Adversarial Examples
Overview
A machine learning model can be mislead by adding a small, imperceptible perturbation to an image. This is known as adversarial examples. Studying this phenomenon is important from a safety point of view. For neural networks in particular it can also offer insights into what features models learn and what the limitations of the learned representations are.

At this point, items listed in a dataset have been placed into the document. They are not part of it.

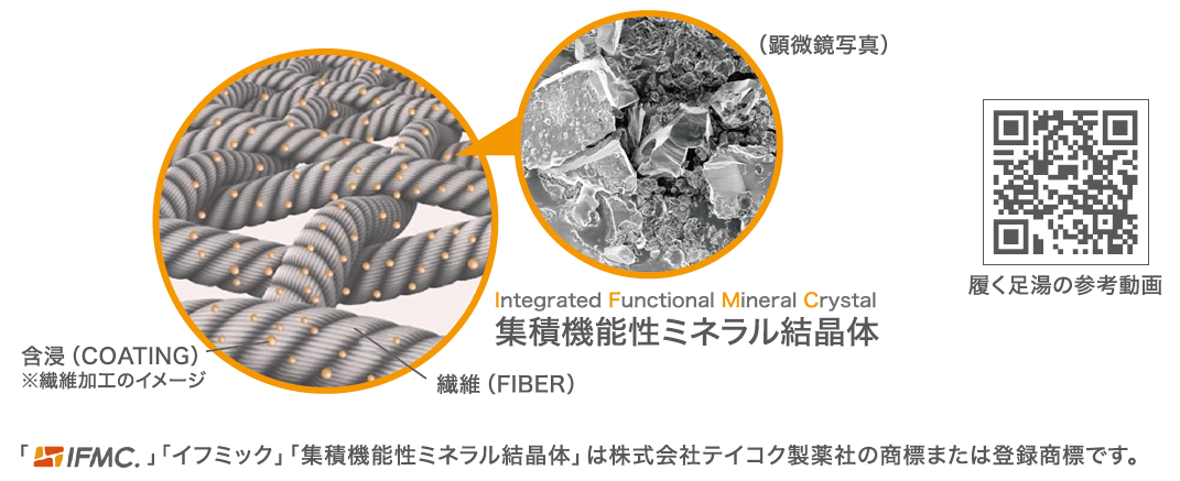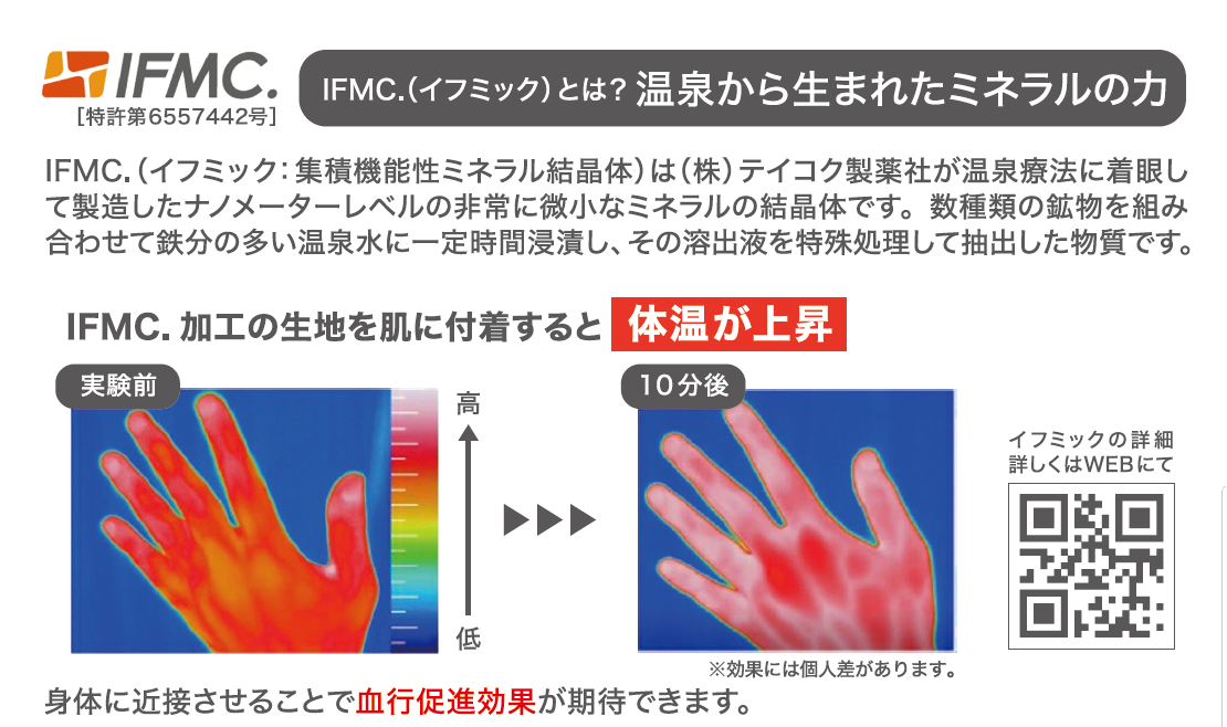 IFMC.は、数種類の鉱物を組み合わせ、鉄分を多く含む温泉水に一定時間浸し、その溶出液を特殊な方法で処理・抽出してつくられた、ナノレベルのミネラル結晶体。この結晶体を繊維に加工することで、「身につけるだけ」でカラダにうれしい変化が期待できる新発想のマテリアル。IFMC.は肌に触れるずとも近づくだけで、血管の内側からつくられる一酸化窒素(NO)が増えやすくなり、血管がゆるみ、広がりやすい状態に。その結果、血行が促進され、めぐりのサポートが期待できます。
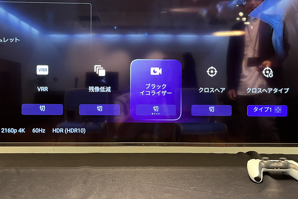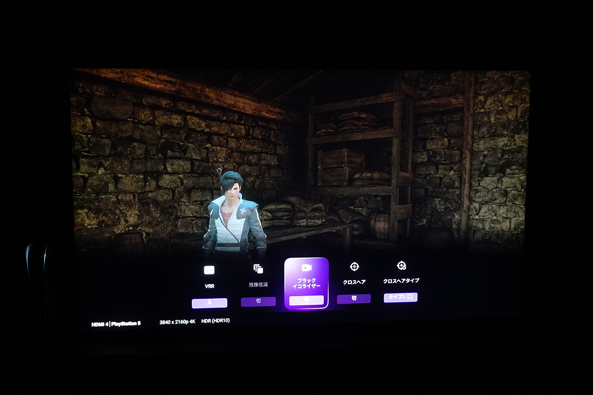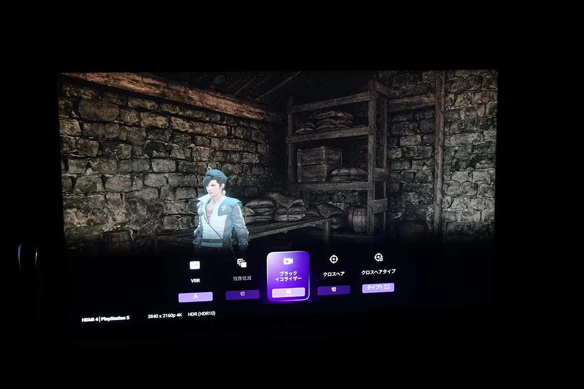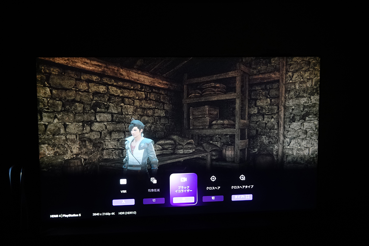 先に述べたように、液晶テレビのX95Lはそもそも画面が明るく、体験会中、ゲーム画面で暗くて見えにくいシーンはありません。それでもブラックイコライザーをオンにすると、画面の明るさが持ち上がることがはっきりとわかりました。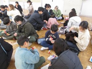 何も書かれていないこまに思い思いの色をつけ、牛乳パックを使ってビュンビュンごまを作りました。親子で相談しながら工夫する姿や、回ったときの色の広がりを楽しむ様子が見られ、教室は温かい雰囲気に包まれました。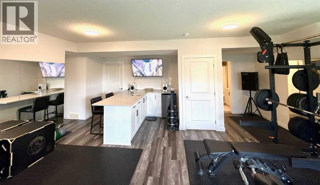 Click brochure link for more details**Stunning Canal-View Walkout in Bayside Estates, Airdrie. Welcome to this exceptional 5-bedroom, 3.5-bathroom walkout home located in the highly desirable community of Bayside Estates. Built in 2020 by Genesis Homes, this beautifully upgraded residence offers over 3,100 square feet of finished living space, set on a 4,900 sq ft pie-shaped lot backing onto peaceful canal views.The northwest-facing backyard is perfectly positioned for evening sunsets, offering an incredible outdoor living experience without the premium price tag of full canal-front homes. Enjoy the expansive 36-foot composite deck, complete with a covered gazebo dining area—ideal for entertaining or relaxing year-round. The front and back yards have been professionally landscaped, and permanent exterior LED lighting adds charm and ambiance in every season. Just steps away, scenic walking and biking paths wind along the canals, and several parks and green spaces are within easy reach, making this an ideal location for active families and nature lovers.Inside, the home’s layout is as functional as it is elegant. The upper level features three generously sized bedrooms, including a stunning primary retreat with unobstructed canal views, a spa-inspired ensuite featuring dual vanities and a freestanding soaker tub, and a large walk-in closet. A spacious bonus room with large windows fills the upper level with natural light, while a convenient upstairs laundry room adds day-to-day practicality.The main floor is thoughtfully designed for both everyday living and entertaining. A private office at the front of the home is perfect for remote work or study. The open-concept kitchen, dining, and living space is sun-drenched and showcases picturesque views of the canal. The chef’s kitchen is equipped with floor-to-ceiling cabinetry, an oversized island with abundant storage, a premium gas range, and sleek stainless steel appliances—all combining to create a welcoming and hi gh-performance cooking space.The fully developed walkout basement adds valuable square footage with two additional bedrooms, a full bathroom, and a large recreation area currently set up as a home gym. A modern wet bar enhances the space for entertaining guests, while a spacious storage and utility room ensures everything has its place.The oversized double attached garage offers epoxy-coated floors and an extra tandem bay, ideal for a vehicle lift, workshop, or additional storage. It also features a gas heater rough-in, allowing for future year-round use. Additional upgrades throughout the home include central air conditioning, a high-efficiency furnace and water heater, upgraded LED lighting, and high-end finishes that reflect both comfort and quality craftsmanship.This remarkable property combines luxury, lifestyle, and location in one incredible package. A home for peace, productivity, and lasting memories. (id:6769)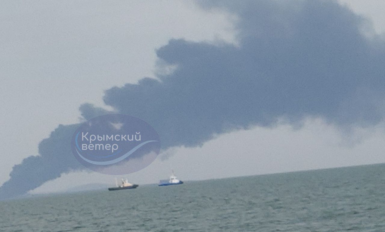 Дым стал виден на фоне звуков воздушной тревоги в Севастополе и перекрытия движения через Керченский мост.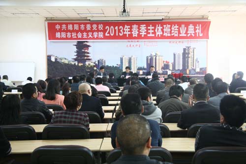 4月12日,中共绵阳市委党校2013年春季主体班结业典礼在学术报告厅举行。市委党校常务副校长冯平、副校长朱云、王欧出席典礼。
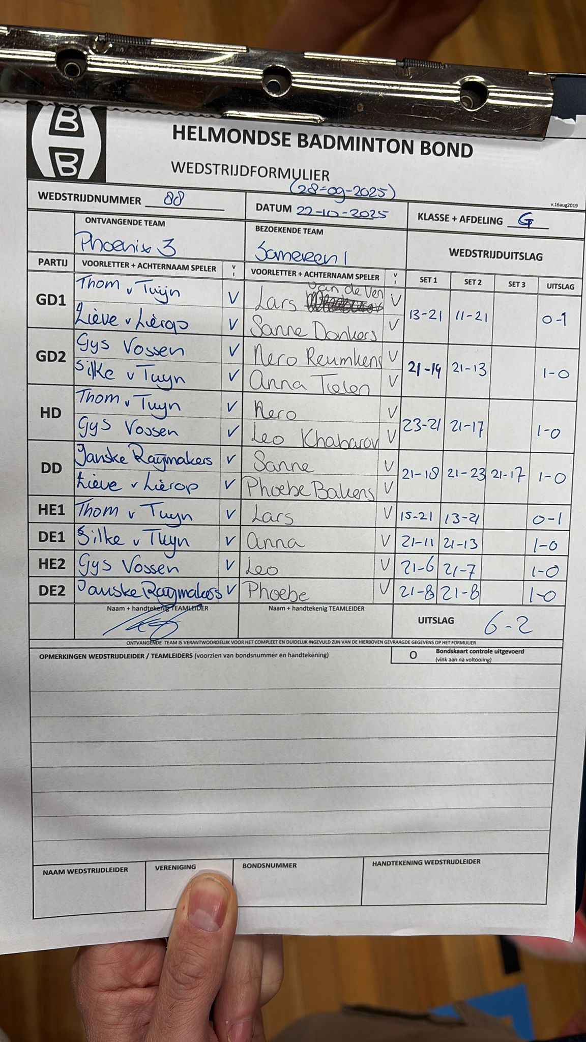 | 09:30 | zo 28-09-2025 | Phoenix 3 | - | Someren 1 | 11 | 6 - 2 | ||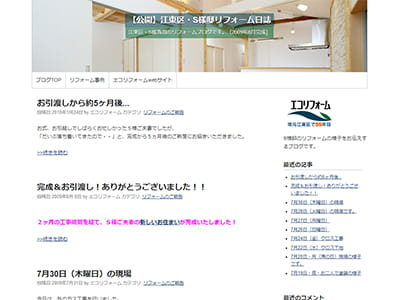 エコリフォームでは、大規模リフォームご契約の方向けに、ID・パスワード制のお客様専用ブログを開設しています。 工事の状況をお伝えすると共に、コメントのやり取りもできるブログです。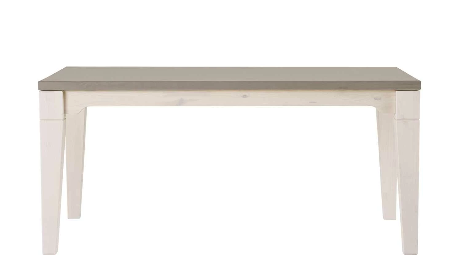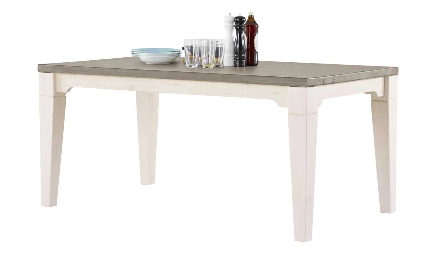 Speisen wie zu Großmutters Zeiten auf dem Land: Der Esstisch Bornholm besticht durch seinen rustikalen, aber dennoch wohlgeformten Landhausstil. Durch die Verwendung von massivem Kiefernholz ist der Tisch stabil und langlebig. Das Tischgestell ist in einem freundlichen Weiß gehalten, die Struktur des Holzes ist aber dennoch sehr schön zu erkennen. Farblich dazu abgesetzt ist die Tischplatte in Kiefer lavafarben. Bei einer Größe von 120 Zentimetern können Sie bis zu sechs Personen am Tisch platzieren.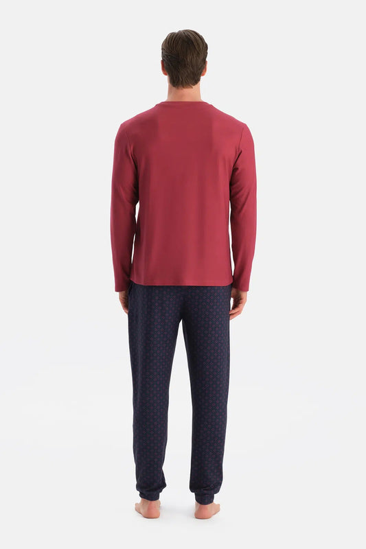 Kırmızı Dikiş Detaylı Uzun Kollu Termal Tişört Pantolon Pijama Takımı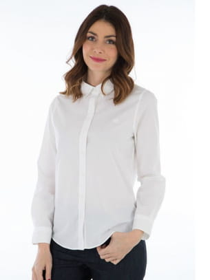 Chemise blanche cintrée en coton à ourlets arrondis et col en pointe avec fermeture boutonnée cachée d'Armor-Lux
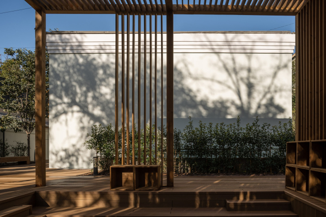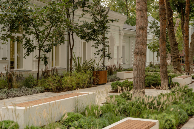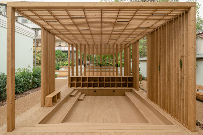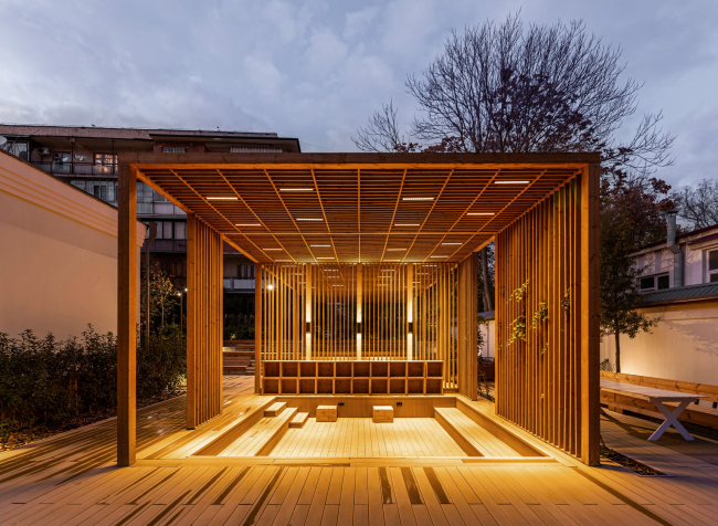 Во дворе есть небольшая сцена с амфитеатром, который органично вписывается в существующий рельеф: там проводят спектакли, лекции и другие образовательно активности.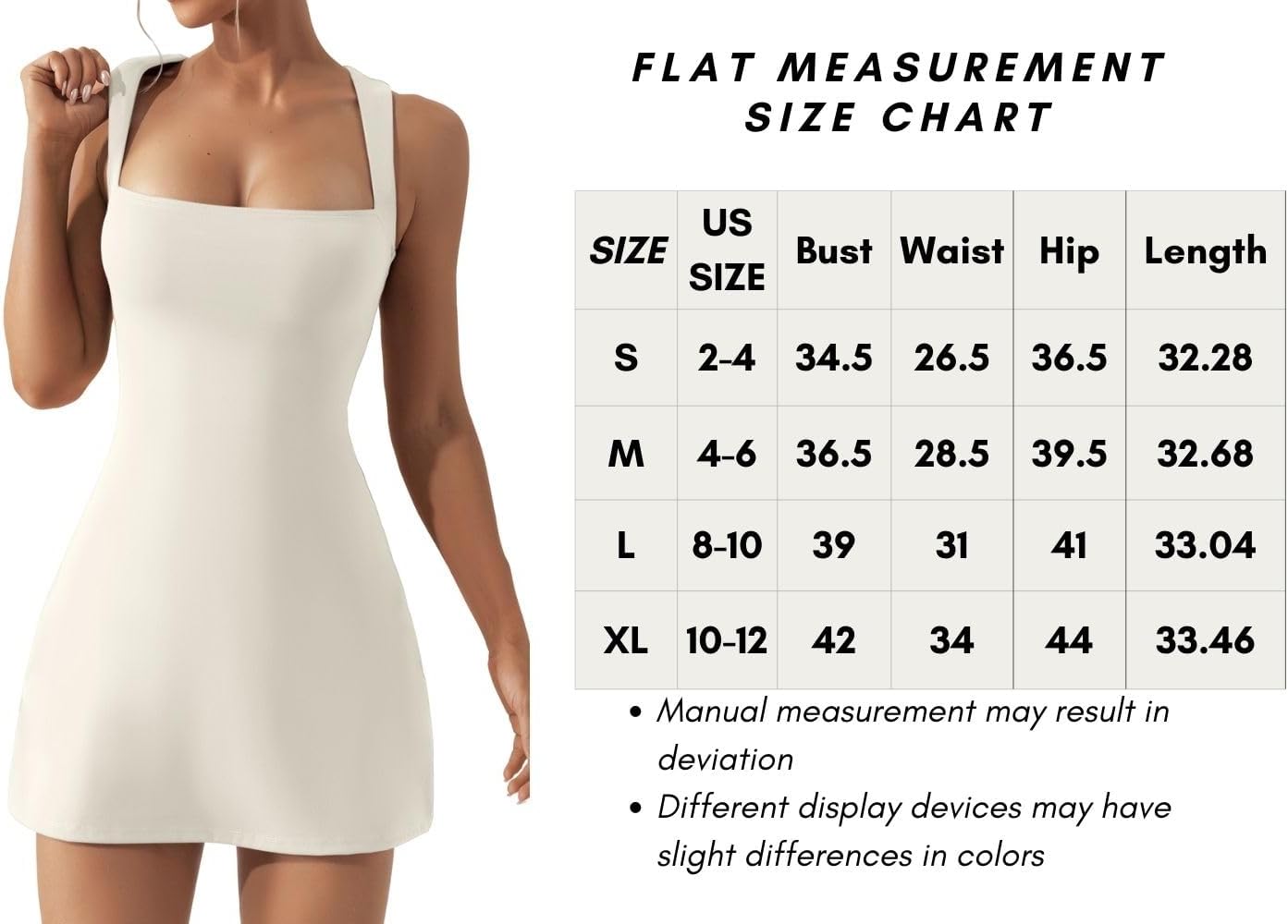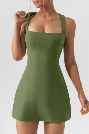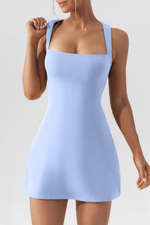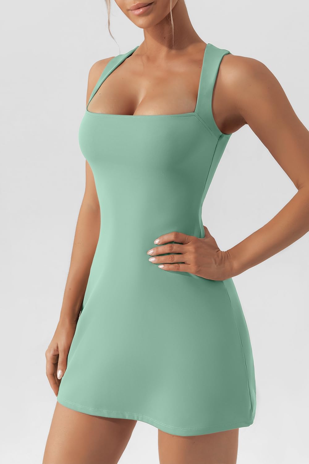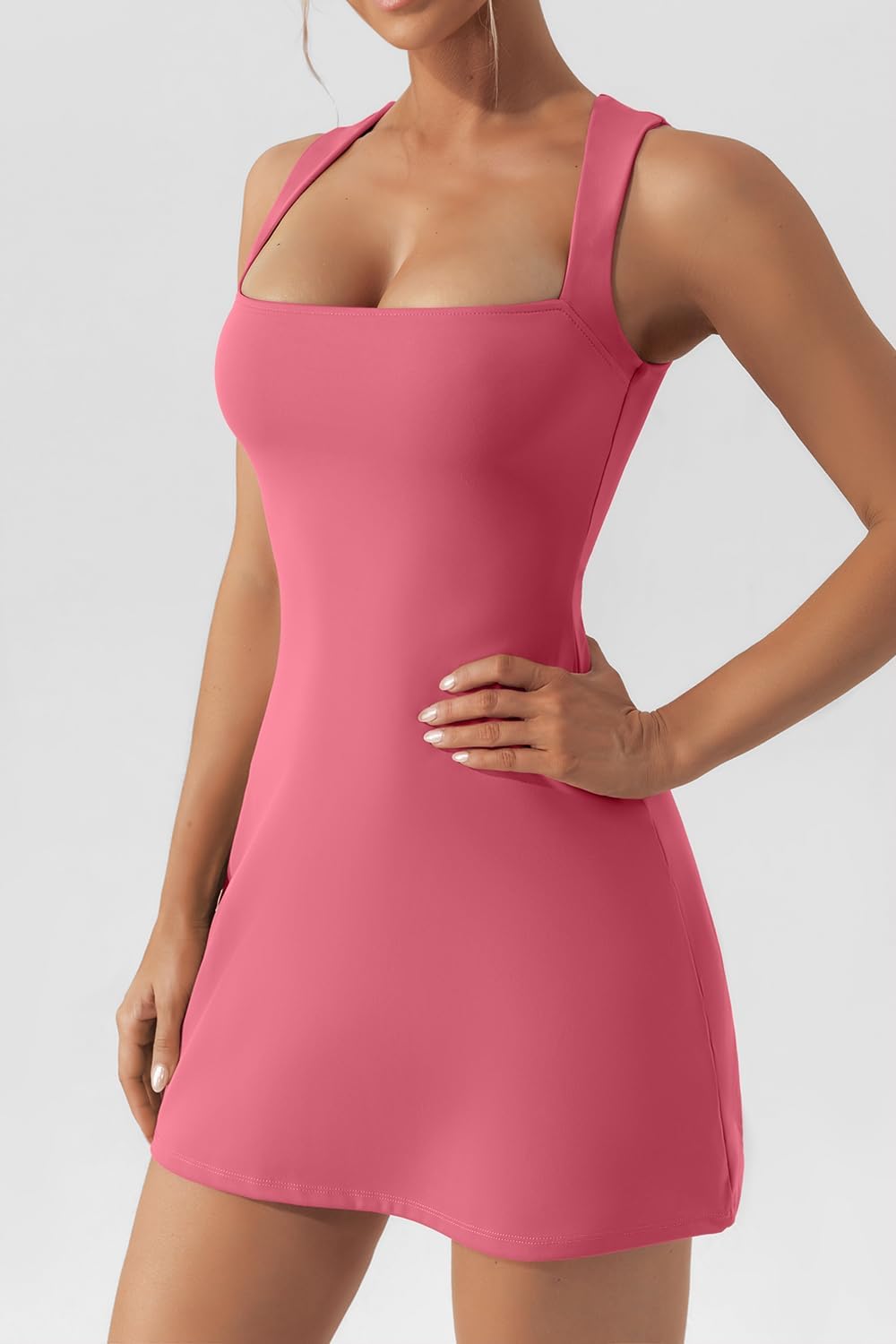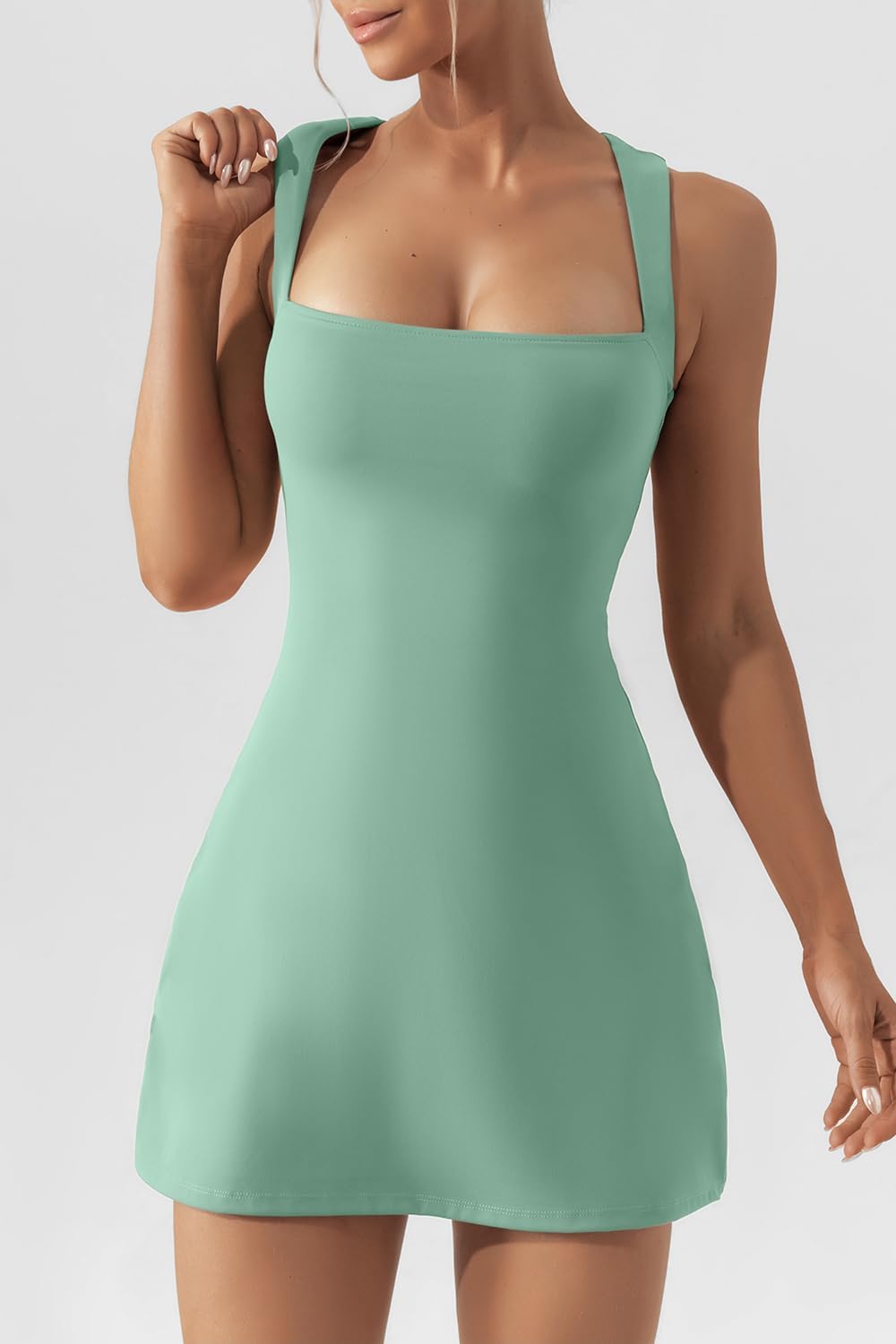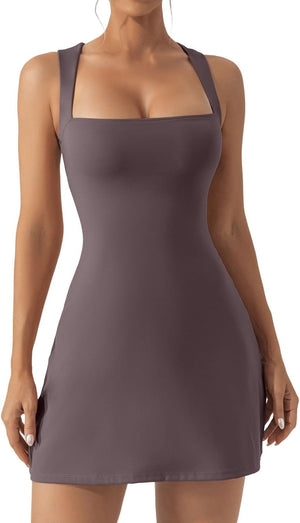 QINSEN - Women's Sleeveless Square Neck Short Dress Stretchy A-Line Dress

Put differently, the existence of adversarial examples shows that vision systems live in a very different world.
This project is a review of selected references to present the current state (year 2020) of research of that topic. To learn more about how they work we implement selected attack methods in Jupyter notebooks and explain the steps. We then compare the effectiveness of these attacks in the results section.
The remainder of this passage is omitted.